The Frequent Traveler
If you look on campus for these students, you won’t find them. Their preferred coping mechanism is to put physical distance between themselves and the problem. A quick Instagram stalking session will tell you exactly where this adventurous student is, but New York City or Los Angeles is usually a safe bet. They may run the risk of being too jet lagged to take their finals, but they’re having a great time procrastinating in a picture-perfect location.
If Spotted: See if they’ll bring back a fun souvenir (or at least photoshop you into a pic or two so you can imagine yourself living your best life), and be prepared to hear all about their trip for the next week.
The work never stops for this student. You can find them holed up in Lamont or Cabot Library, usually with a large caffeine supply and ever-darkening bags under their eyes. The particularly advanced hermits have taken up permanent residence in their study location, and have a toothbrush and blanket nearby. They’ve spent more time clicking through Powerpoints than sleeping in the past few days, and it shows. They’ll ace their exams, but at what cost?
If Spotted: Approach with caution. Some will appreciate human company, but others are too far in the zone to be interrupted. Bringing a snack or coffee offering will increase your chances of a favorable interaction.
This student hasn’t slept since winter break, and that’s all they’ll be doing this week. They’ll only leave their room to grab a quick snack from the dhall — the hardcore sloths have stocked enough snacks to outlast an apocalypse. While they might log more hours on a Netflix binge than reviewing notes, at least they’ll be feeling recharged enough to take their tests.

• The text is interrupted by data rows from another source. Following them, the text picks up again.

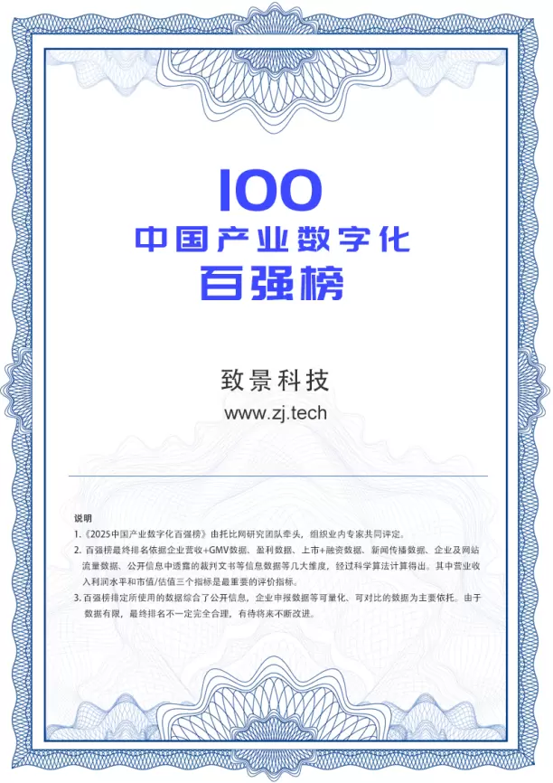 - 致景科技入选“2024年度数智化转型明星服务商”榜单
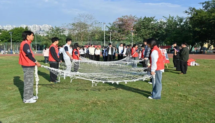 首先進行紅軍過草地關卡一活動,兩組隊長帶領隊員在固定網格區(qū)域按照匍匐前進的姿勢穿過網格,體驗紅軍過草地過程。紅軍過草地的故事給同學們帶來了啟示:團隊合作和領導力是攻克難關的關鍵,只有憑借著意志的力量和不屈不撓的精神才能實現自己的目標,無論在什么時候都應該像紅軍一樣,砥礪前行,永不言棄。
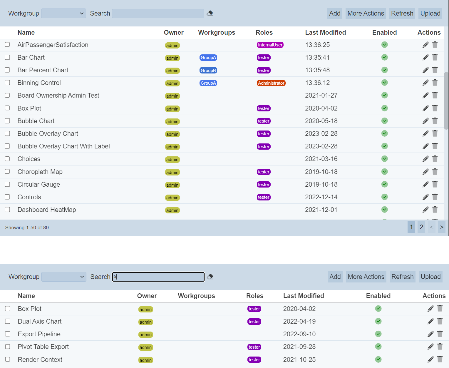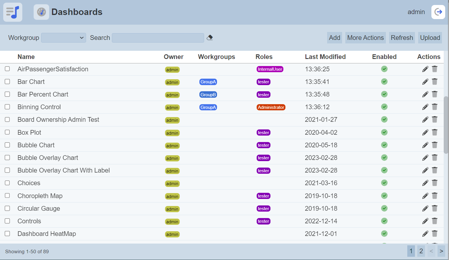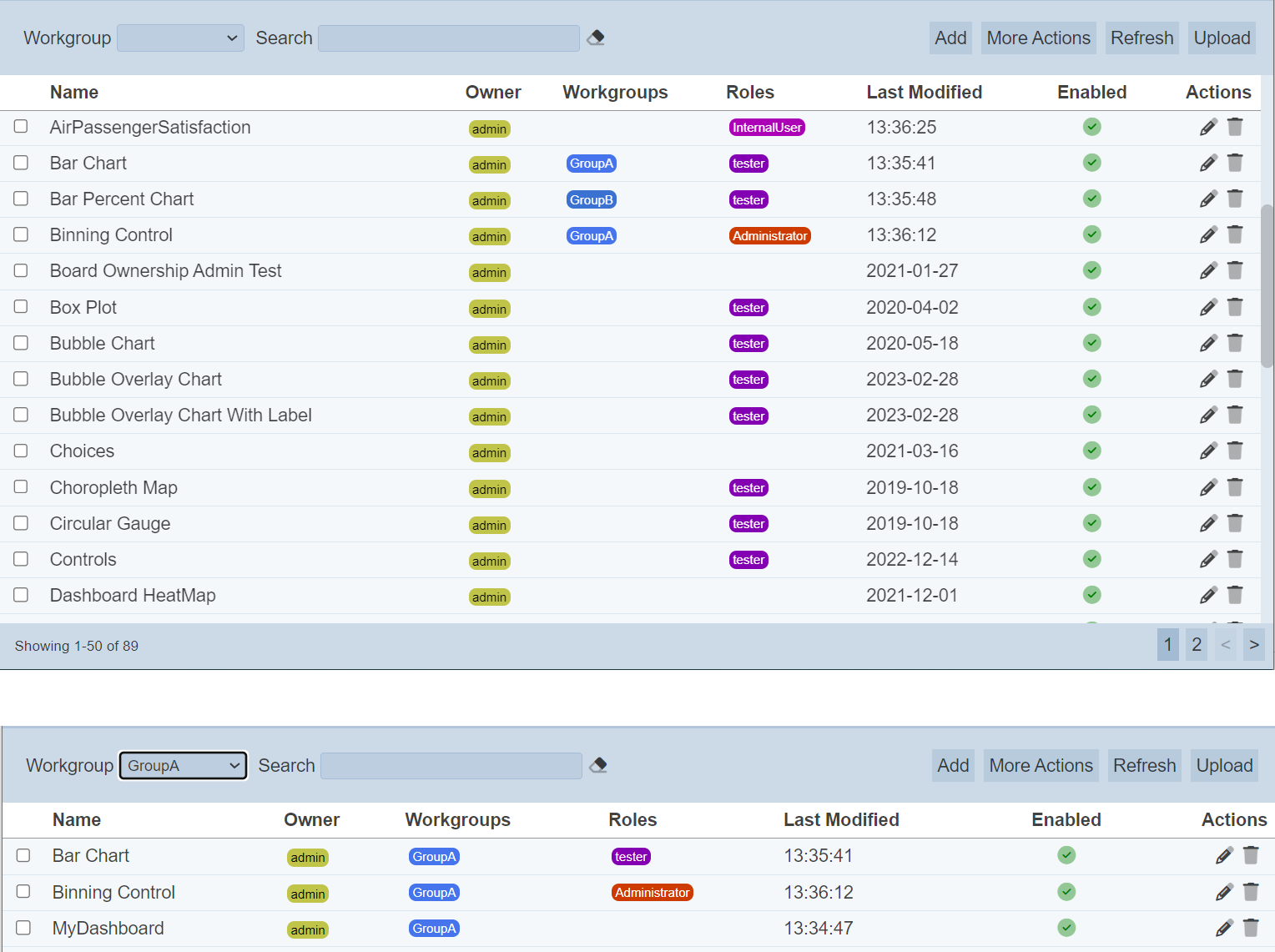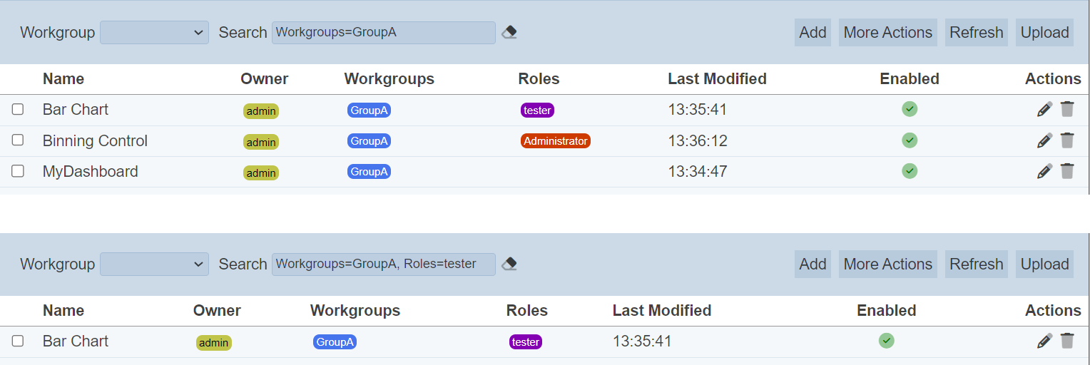 In the example above, dashboards that are assigned the workgroup “GroupA” and role “tester” are shown.

If Spotted: Don’t attempt to get them to move from their room. Just bring a blanket and join them in embracing the chill life.
This student has exactly two settings: unbelievable chill or nonstop grind-a-thon. They’re likely feeling the panic about exams by now, so they may be easily confused with the Hermit, though they don’t yet have that zombie-like look (and smell). They only work under the pressure of a deadline, or in short bursts of productivity. Living a sine wave of working and hanging out is an odd balance, but they make it work. They might seem a little strung out from their irregular sleep schedule, but their chances of doing well on exams are pretty high.
If Spotted: If they don’t register you approaching, they’re probably deep in the rhythm of work and won’t take kindly to an interruption. Otherwise, feel free to interact.
This rare breed has planned out their study routine in advance, spreading their work out evenly over the course of reading period and finals. Apparently, the whole doing-manageable-amounts-of-work-over-a-period-of-time thing actually works. You can spot these students by noticing the lack of stress in their eyes or their carefully color-coded schedule. It’s kind of strange to imagine a functional student at Harvard, but we promise they’re actually out there.
If Spotted: Take notes on how they function and/or ask for their hand in marriage.